Transcribe the entries below exactly, starting with the line that has "В комплекте поставки: душевая" and stopping after the line that has "Ace your interviews"; no pictures belong in the copy.

═════ DATA PROVIDED ═════

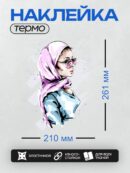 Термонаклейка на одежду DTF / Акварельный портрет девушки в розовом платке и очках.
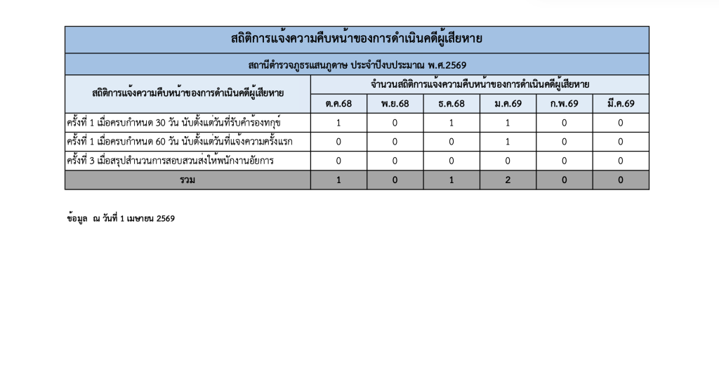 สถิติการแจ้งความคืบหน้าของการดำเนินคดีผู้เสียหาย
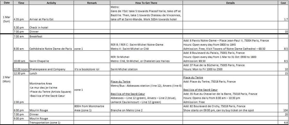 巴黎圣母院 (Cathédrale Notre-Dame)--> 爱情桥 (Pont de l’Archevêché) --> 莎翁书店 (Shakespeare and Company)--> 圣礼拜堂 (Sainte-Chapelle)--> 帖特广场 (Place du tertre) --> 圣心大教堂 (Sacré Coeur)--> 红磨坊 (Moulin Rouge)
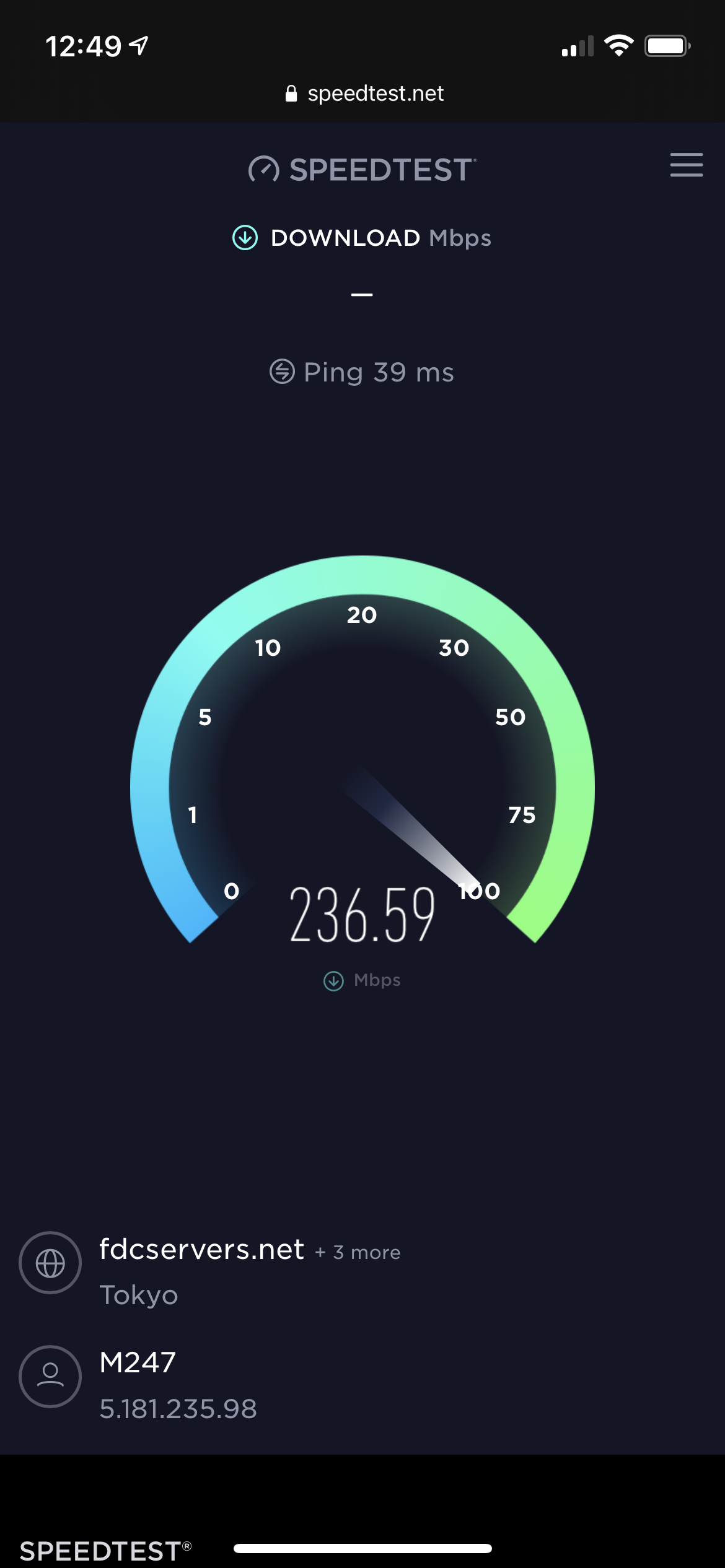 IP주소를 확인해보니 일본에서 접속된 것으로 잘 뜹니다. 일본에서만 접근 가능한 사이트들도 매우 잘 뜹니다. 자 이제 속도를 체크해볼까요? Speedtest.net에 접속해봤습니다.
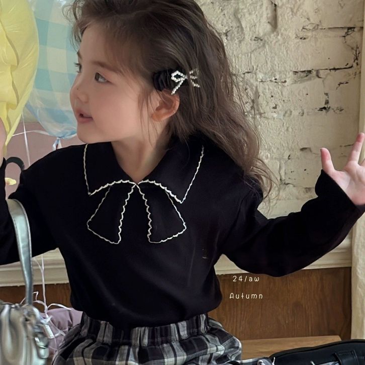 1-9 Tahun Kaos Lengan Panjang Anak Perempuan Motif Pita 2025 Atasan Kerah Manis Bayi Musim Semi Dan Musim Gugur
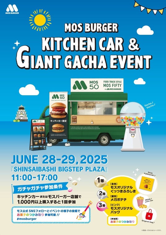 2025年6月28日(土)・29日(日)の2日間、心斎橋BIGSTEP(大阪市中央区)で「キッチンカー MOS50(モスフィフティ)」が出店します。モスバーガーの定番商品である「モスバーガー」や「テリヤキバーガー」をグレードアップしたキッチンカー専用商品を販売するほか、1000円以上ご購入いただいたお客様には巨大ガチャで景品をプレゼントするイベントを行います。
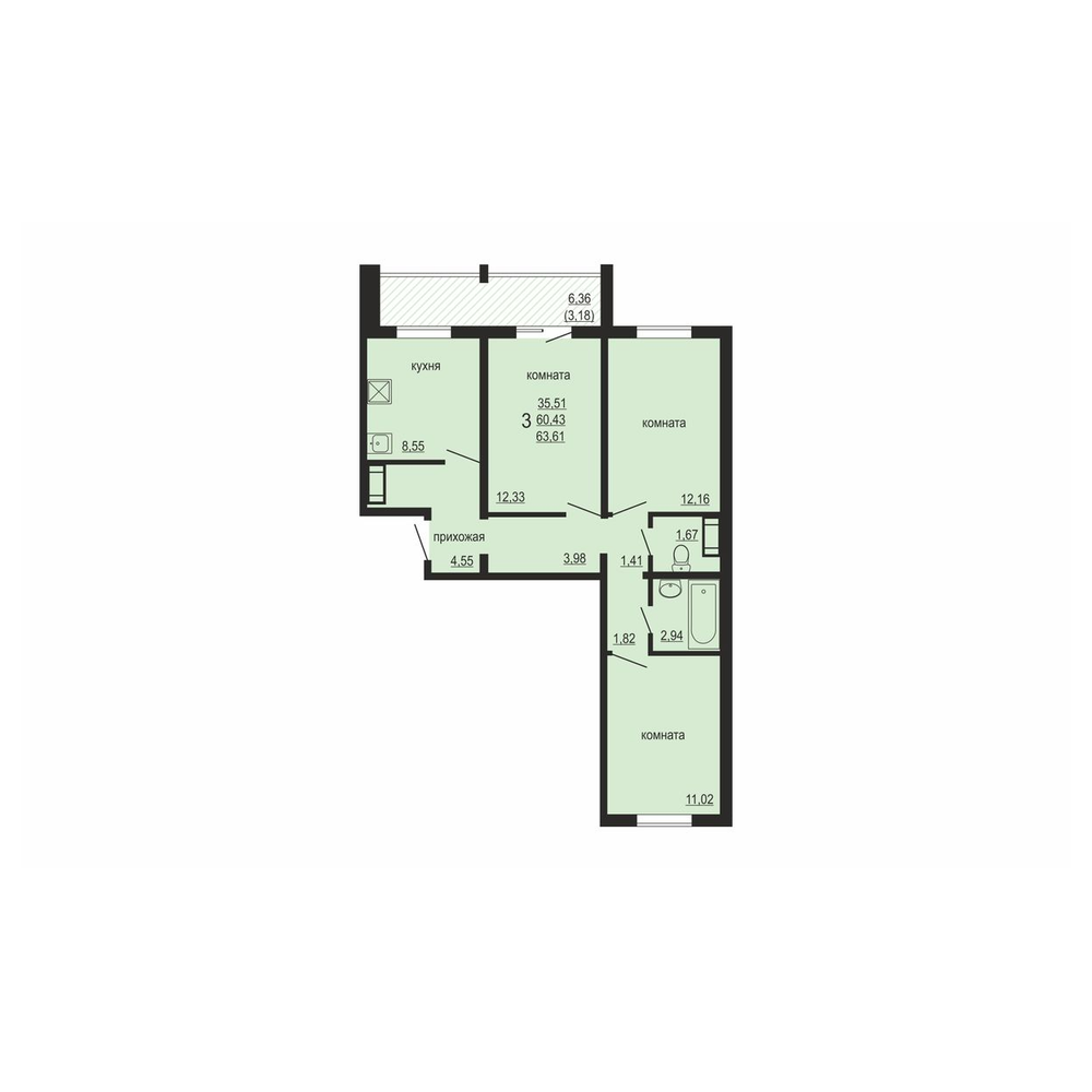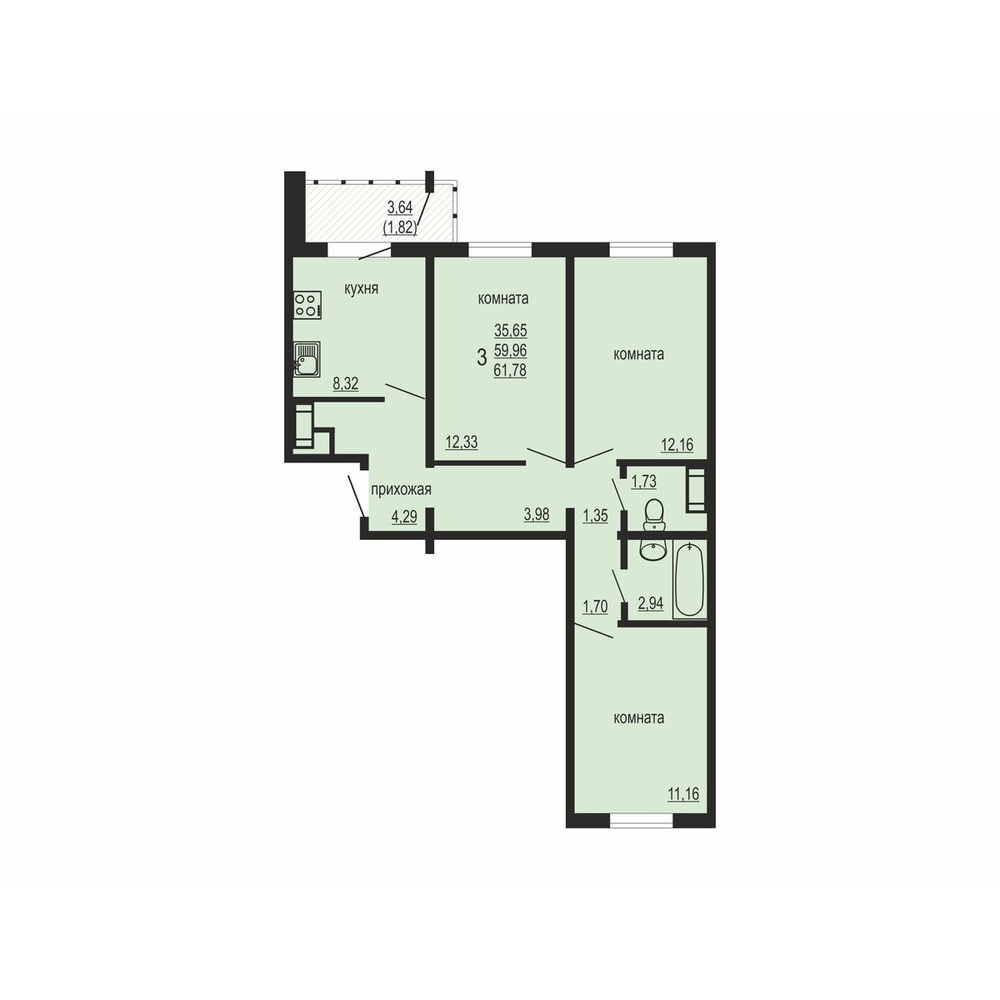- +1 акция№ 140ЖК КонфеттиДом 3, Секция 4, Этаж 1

═════
═════ DATA PROVIDED ═════

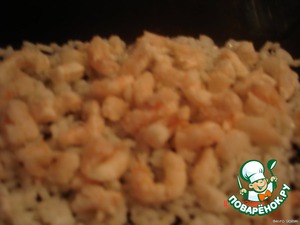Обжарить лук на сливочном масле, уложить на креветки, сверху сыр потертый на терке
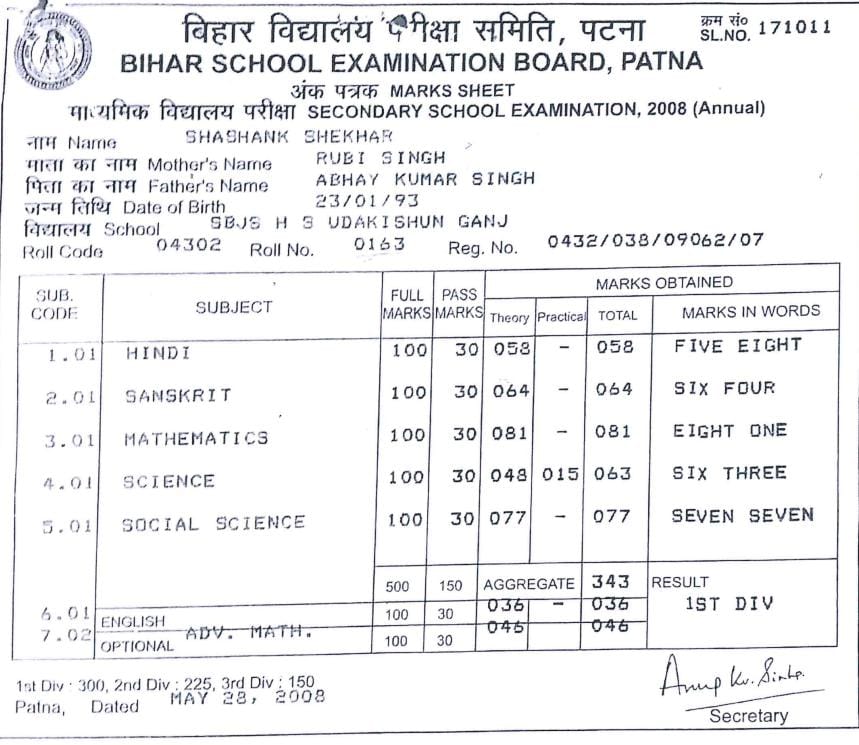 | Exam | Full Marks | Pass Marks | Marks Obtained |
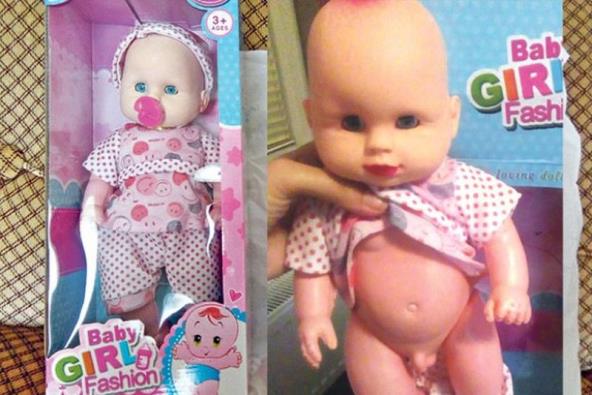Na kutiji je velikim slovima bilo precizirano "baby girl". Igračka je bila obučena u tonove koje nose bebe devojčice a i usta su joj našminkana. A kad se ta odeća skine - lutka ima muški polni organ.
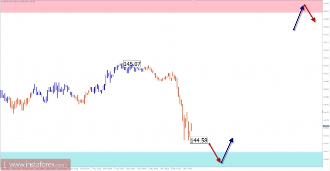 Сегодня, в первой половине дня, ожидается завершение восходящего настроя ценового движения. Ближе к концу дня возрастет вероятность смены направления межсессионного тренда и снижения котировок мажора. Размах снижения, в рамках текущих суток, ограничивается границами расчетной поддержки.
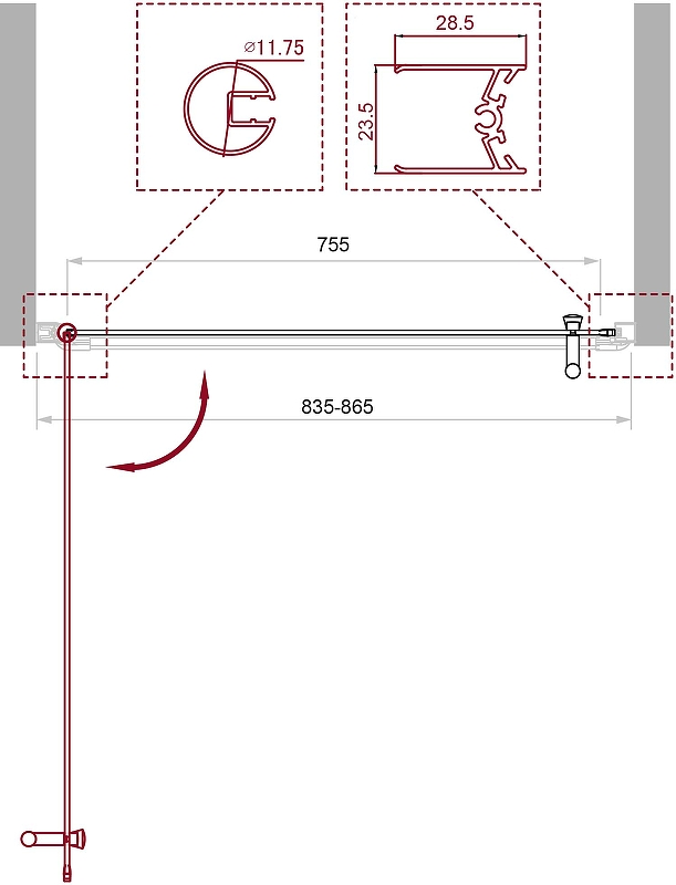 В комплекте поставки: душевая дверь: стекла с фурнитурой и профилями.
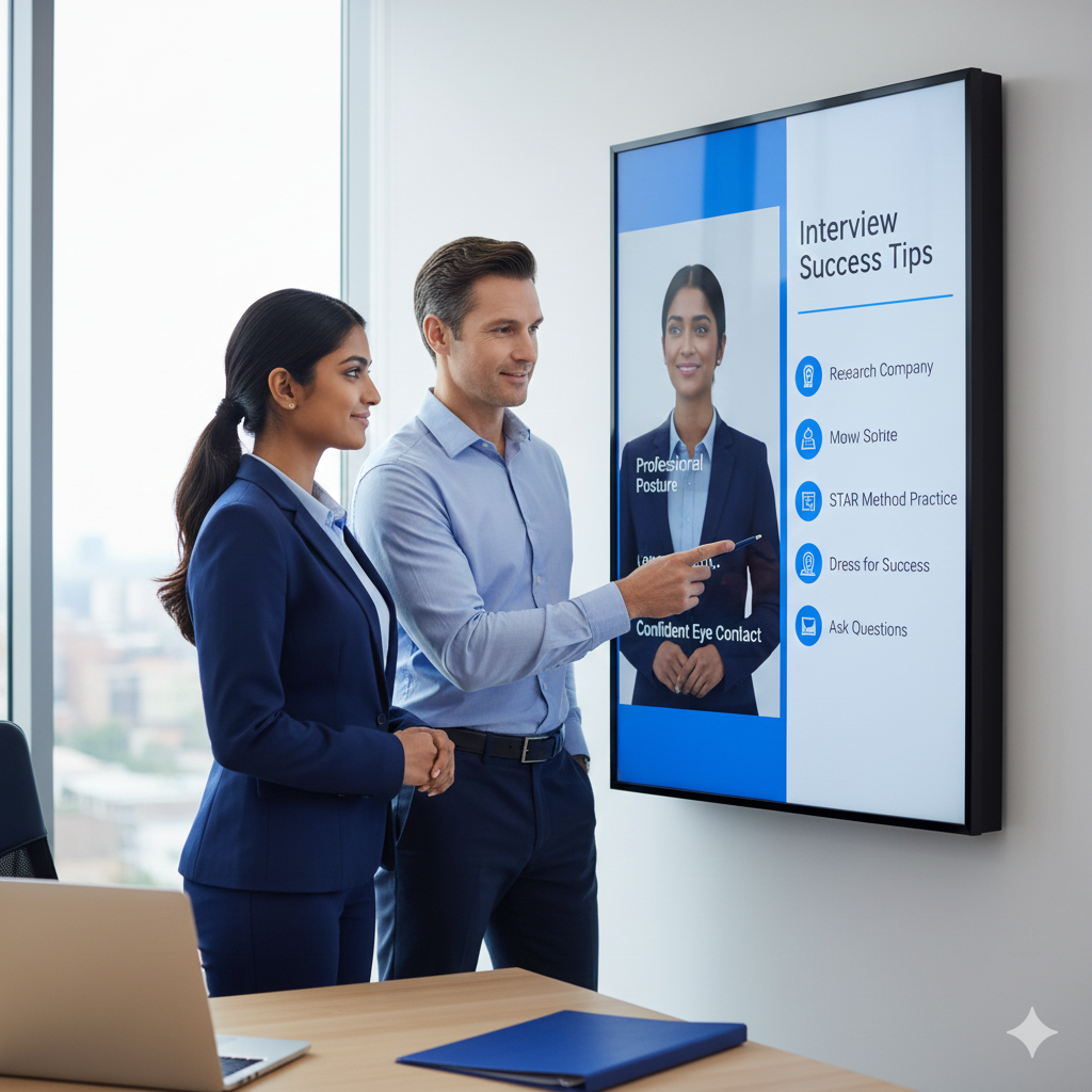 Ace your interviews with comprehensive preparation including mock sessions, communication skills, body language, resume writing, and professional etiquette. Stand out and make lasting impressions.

═════

**RESULT OF THE TASK:**
 В комплекте поставки: душевая дверь: стекла с фурнитурой и профилями.
 Ace your interviews with comprehensive preparation including mock sessions, communication skills, body language, resume writing, and professional etiquette. Stand out and make lasting impressions.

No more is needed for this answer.